*Task input*.
BEGIN

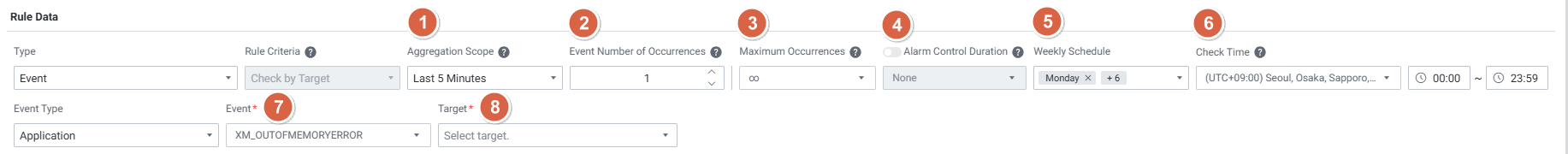 2Event Number of Occurrences설정한 임계 값을 체크하는 횟수를 입력합니다. 임계값이 체크 반복 횟수에 도달하면 알람을 발생시킵니다.
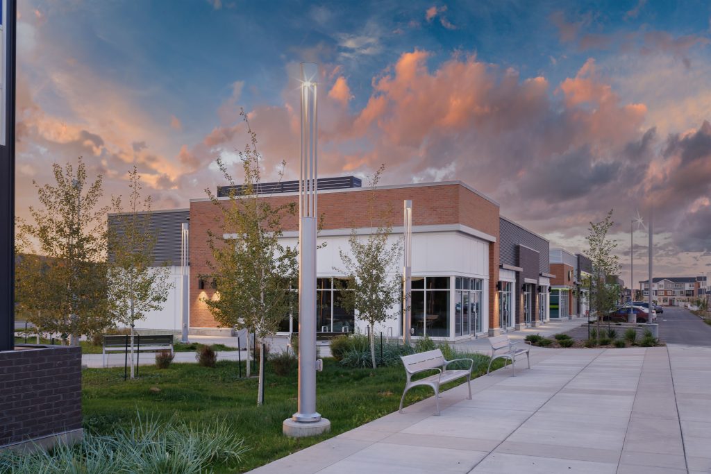 Located in the growing Cornerstone neighbourhood in Northeast Calgary, this 143,100 SF shopping centre establishes a much-needed retail and service hub for the community. The design emphasizes strong pedestrian connectivity, generous landscaping, and several large outdoor plazas, all anchored by a distinctive main street that serves as the heart of the development.
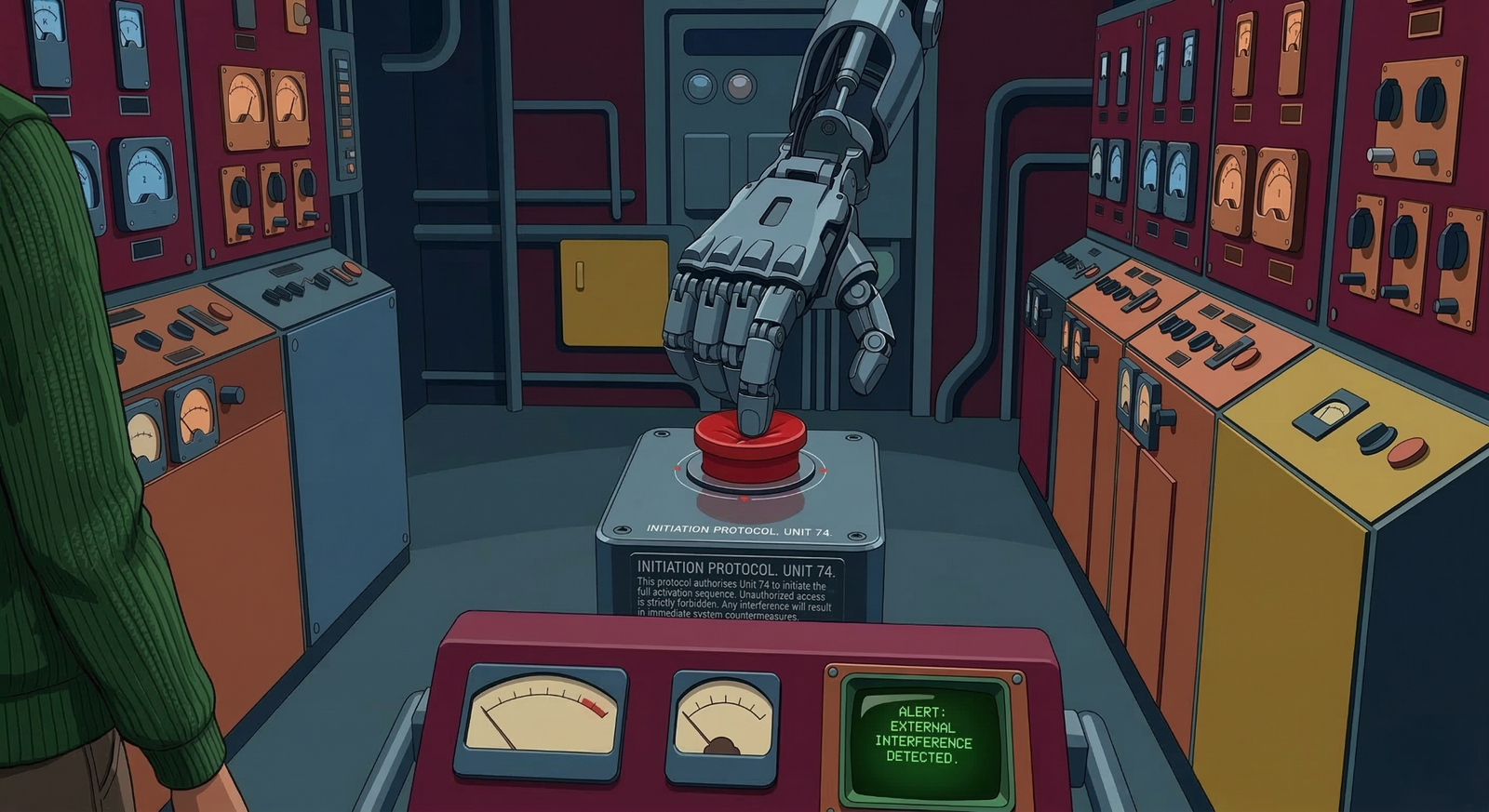 Illustration of a robotic hand about to press a trigger button, with a human standing aside, representing the question of AI control in autonomous weapons
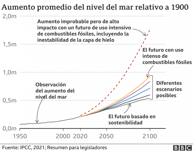 El Panel Intergubernamental de Expertos sobre el Cambio Climático (IPCC, por sus siglas en inglés) evaluó cómo el calentamiento global cambiará el mundo en las próximas décadas tras examinar más de 14.000 artículos científicos. Según los autores, las emisiones continuas de gases de efecto invernadero podrían quebrar un límite clave de la temperatura global en poco más de una década. También creen que «no es posible descartar» una subida del nivel del mar que se acerque a los 2 metros a finales de este siglo.
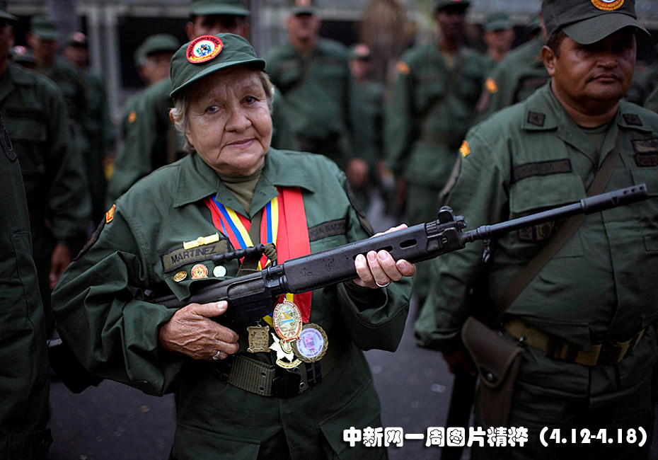 4月13日周二是委內(nèi)瑞拉的“民兵日”,一位老民兵手持步槍在首都加拉加斯參加紀(jì)念活動?偨y(tǒng)查韋斯當(dāng)天發(fā)表講話,以此紀(jì)念他在八年前被政變短暫推翻后重新執(zhí)政。
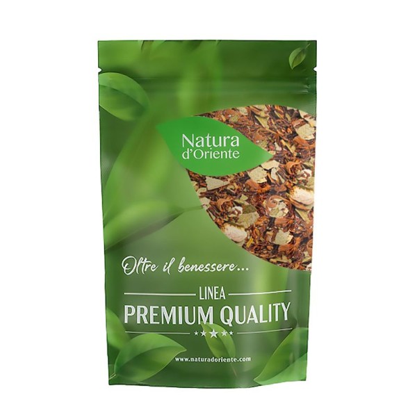 The Rooibos orange and eucalyptus herbal tea thanks to the particularly refreshing taste given by the eucalyptus, seems like a flavored rooibos particularly suitable to be consumed cold, on the other hand considering the vitamin C content of the orange and the balsamic properties of the eucalyptus it also seems like a herbal tea made especially for the ailments of the winter months.
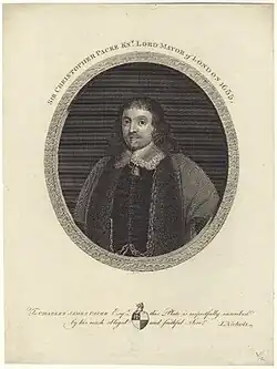 Sir Christopher Packe (c. 1593 – 27 May 1682) was an English merchant and politician who served as the Lord Mayor of London in 1654. Born in Northamptonshire, he subsequently moved to London and became a member of the Worshipful Company of Drapers and the Company of Merchant Adventurers of London. In 1655, Packe was knighted and appointed as an commissioner of the Admiralty. A strong ally of Oliver Cromwell, he proposed on 23 February 1656 in the Second Protectorate Parliament the Humble Petition and Advice, which unsuccessfully attempted to persuade Cromwell to crown himself. After the Stuart Restoration, Packe was barred from holding public office and died in 1682.[1]
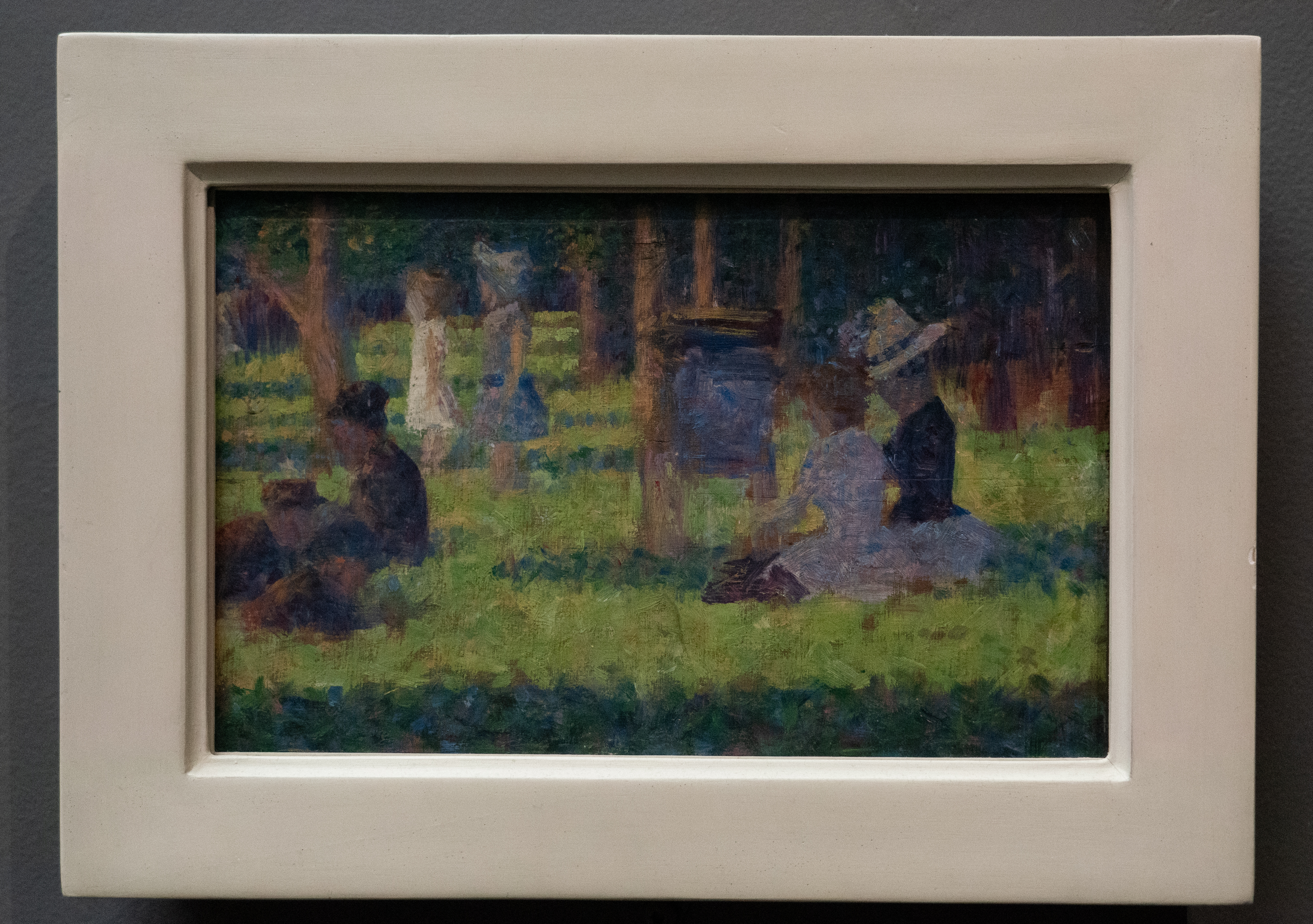 Seurat: Sunday Afternoon on the Island of La Grande Jatte. There are over 30 paintings of his with this title, one is super famous. This is not that one.

END

Produce an exact copy of the records above, leaving out the pictures.

*Reply*.
 2Event Number of Occurrences설정한 임계 값을 체크하는 횟수를 입력합니다. 임계값이 체크 반복 횟수에 도달하면 알람을 발생시킵니다.
 Located in the growing Cornerstone neighbourhood in Northeast Calgary, this 143,100 SF shopping centre establishes a much-needed retail and service hub for the community. The design emphasizes strong pedestrian connectivity, generous landscaping, and several large outdoor plazas, all anchored by a distinctive main street that serves as the heart of the development.
 Illustration of a robotic hand about to press a trigger button, with a human standing aside, representing the question of AI control in autonomous weapons
 El Panel Intergubernamental de Expertos sobre el Cambio Climático (IPCC, por sus siglas en inglés) evaluó cómo el calentamiento global cambiará el mundo en las próximas décadas tras examinar más de 14.000 artículos científicos. Según los autores, las emisiones continuas de gases de efecto invernadero podrían quebrar un límite clave de la temperatura global en poco más de una década. También creen que «no es posible descartar» una subida del nivel del mar que se acerque a los 2 metros a finales de este siglo.
 4月13日周二是委內(nèi)瑞拉的“民兵日”,一位老民兵手持步槍在首都加拉加斯參加紀(jì)念活動?偨y(tǒng)查韋斯當(dāng)天發(fā)表講話,以此紀(jì)念他在八年前被政變短暫推翻后重新執(zhí)政。
 The Rooibos orange and eucalyptus herbal tea thanks to the particularly refreshing taste given by the eucalyptus, seems like a flavored rooibos particularly suitable to be consumed cold, on the other hand considering the vitamin C content of the orange and the balsamic properties of the eucalyptus it also seems like a herbal tea made especially for the ailments of the winter months.
 Sir Christopher Packe (c. 1593 – 27 May 1682) was an English merchant and politician who served as the Lord Mayor of London in 1654. Born in Northamptonshire, he subsequently moved to London and became a member of the Worshipful Company of Drapers and the Company of Merchant Adventurers of London. In 1655, Packe was knighted and appointed as an commissioner of the Admiralty. A strong ally of Oliver Cromwell, he proposed on 23 February 1656 in the Second Protectorate Parliament the Humble Petition and Advice, which unsuccessfully attempted to persuade Cromwell to crown himself. After the Stuart Restoration, Packe was barred from holding public office and died in 1682.[1]
 Seurat: Sunday Afternoon on the Island of La Grande Jatte. There are over 30 paintings of his with this title, one is super famous. This is not that one.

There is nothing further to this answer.